>>>>

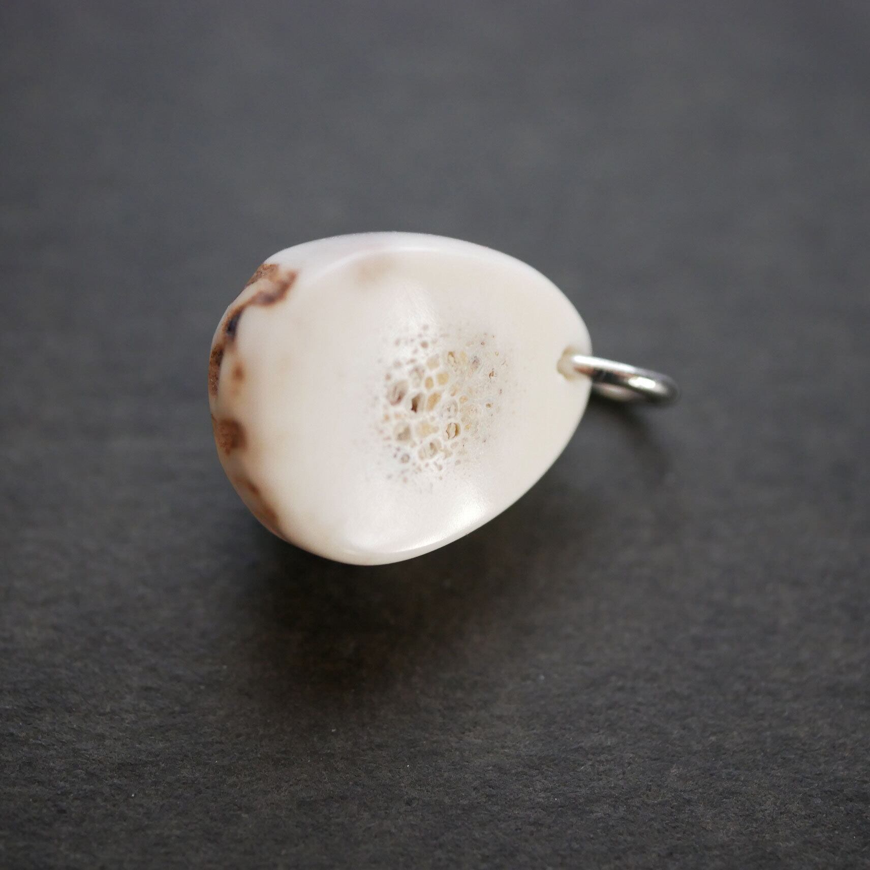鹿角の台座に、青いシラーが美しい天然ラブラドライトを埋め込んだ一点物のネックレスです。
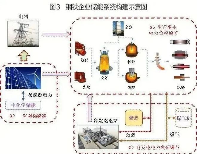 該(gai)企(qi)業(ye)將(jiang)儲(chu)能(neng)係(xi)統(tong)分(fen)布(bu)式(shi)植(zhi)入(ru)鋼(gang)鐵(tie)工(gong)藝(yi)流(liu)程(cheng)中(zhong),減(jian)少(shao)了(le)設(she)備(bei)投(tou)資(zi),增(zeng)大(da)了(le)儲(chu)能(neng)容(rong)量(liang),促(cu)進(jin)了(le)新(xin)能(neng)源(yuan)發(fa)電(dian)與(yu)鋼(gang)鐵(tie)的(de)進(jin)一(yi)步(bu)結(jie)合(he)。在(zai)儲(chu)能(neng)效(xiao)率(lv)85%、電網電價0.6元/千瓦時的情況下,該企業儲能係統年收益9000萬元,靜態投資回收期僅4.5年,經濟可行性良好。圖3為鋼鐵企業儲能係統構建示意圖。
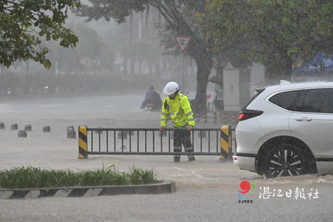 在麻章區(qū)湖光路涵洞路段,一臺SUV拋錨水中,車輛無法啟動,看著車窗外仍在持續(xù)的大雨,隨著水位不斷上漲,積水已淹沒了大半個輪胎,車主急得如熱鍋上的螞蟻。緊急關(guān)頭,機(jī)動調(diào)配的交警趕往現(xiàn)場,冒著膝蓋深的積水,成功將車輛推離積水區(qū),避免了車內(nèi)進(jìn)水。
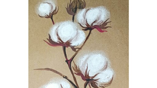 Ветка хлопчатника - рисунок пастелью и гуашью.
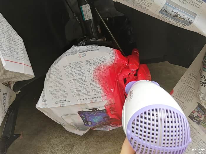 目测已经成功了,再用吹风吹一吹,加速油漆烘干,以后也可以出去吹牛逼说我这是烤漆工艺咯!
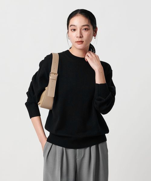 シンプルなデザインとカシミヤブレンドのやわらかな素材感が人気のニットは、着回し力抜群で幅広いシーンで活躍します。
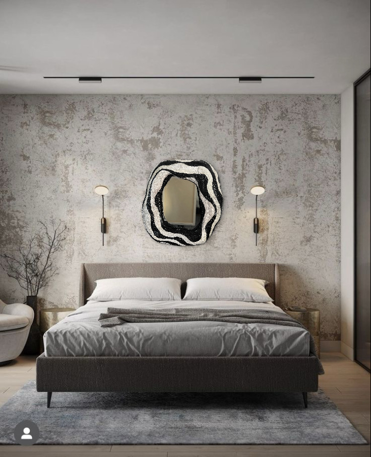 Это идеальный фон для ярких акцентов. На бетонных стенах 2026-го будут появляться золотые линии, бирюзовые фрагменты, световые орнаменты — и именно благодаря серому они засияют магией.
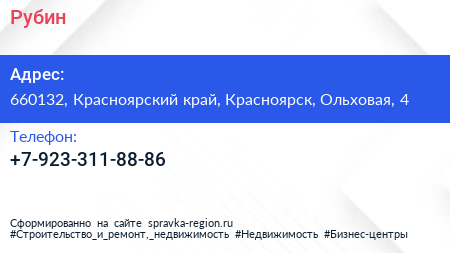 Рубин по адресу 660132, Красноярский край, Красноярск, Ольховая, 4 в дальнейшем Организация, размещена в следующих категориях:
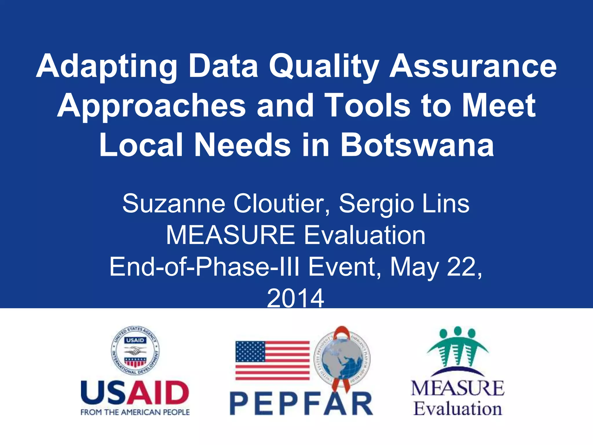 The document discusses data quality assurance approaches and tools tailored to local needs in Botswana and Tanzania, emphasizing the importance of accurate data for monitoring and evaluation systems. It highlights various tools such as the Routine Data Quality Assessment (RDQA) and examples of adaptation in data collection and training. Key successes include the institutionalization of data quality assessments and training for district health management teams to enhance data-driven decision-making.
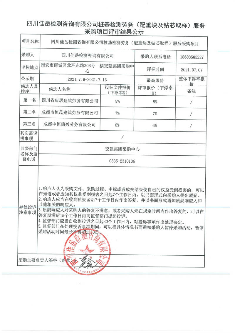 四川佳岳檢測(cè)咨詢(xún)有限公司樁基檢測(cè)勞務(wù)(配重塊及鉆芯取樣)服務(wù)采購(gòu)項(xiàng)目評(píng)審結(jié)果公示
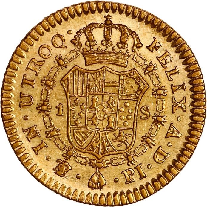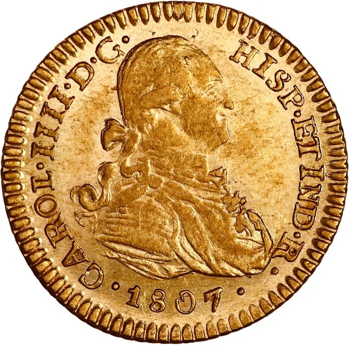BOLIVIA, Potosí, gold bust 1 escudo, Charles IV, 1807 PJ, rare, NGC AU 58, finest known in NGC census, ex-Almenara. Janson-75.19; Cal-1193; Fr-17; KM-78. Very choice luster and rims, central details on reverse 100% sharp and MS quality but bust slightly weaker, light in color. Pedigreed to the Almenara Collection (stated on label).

<<<<

» Instructions for the task: Where a line contains "Рубин по адресу", begin there and set down exactly each line through the end of the data above, omitting any pictures.

» Answer to this exercise:
 Рубин по адресу 660132, Красноярский край, Красноярск, Ольховая, 4 в дальнейшем Организация, размещена в следующих категориях:
 The document discusses data quality assurance approaches and tools tailored to local needs in Botswana and Tanzania, emphasizing the importance of accurate data for monitoring and evaluation systems. It highlights various tools such as the Routine Data Quality Assessment (RDQA) and examples of adaptation in data collection and training. Key successes include the institutionalization of data quality assessments and training for district health management teams to enhance data-driven decision-making.
 四川佳岳檢測(cè)咨詢(xún)有限公司樁基檢測(cè)勞務(wù)(配重塊及鉆芯取樣)服務(wù)采購(gòu)項(xiàng)目評(píng)審結(jié)果公示
BOLIVIA, Potosí, gold bust 1 escudo, Charles IV, 1807 PJ, rare, NGC AU 58, finest known in NGC census, ex-Almenara. Janson-75.19; Cal-1193; Fr-17; KM-78. Very choice luster and rims, central details on reverse 100% sharp and MS quality but bust slightly weaker, light in color. Pedigreed to the Almenara Collection (stated on label).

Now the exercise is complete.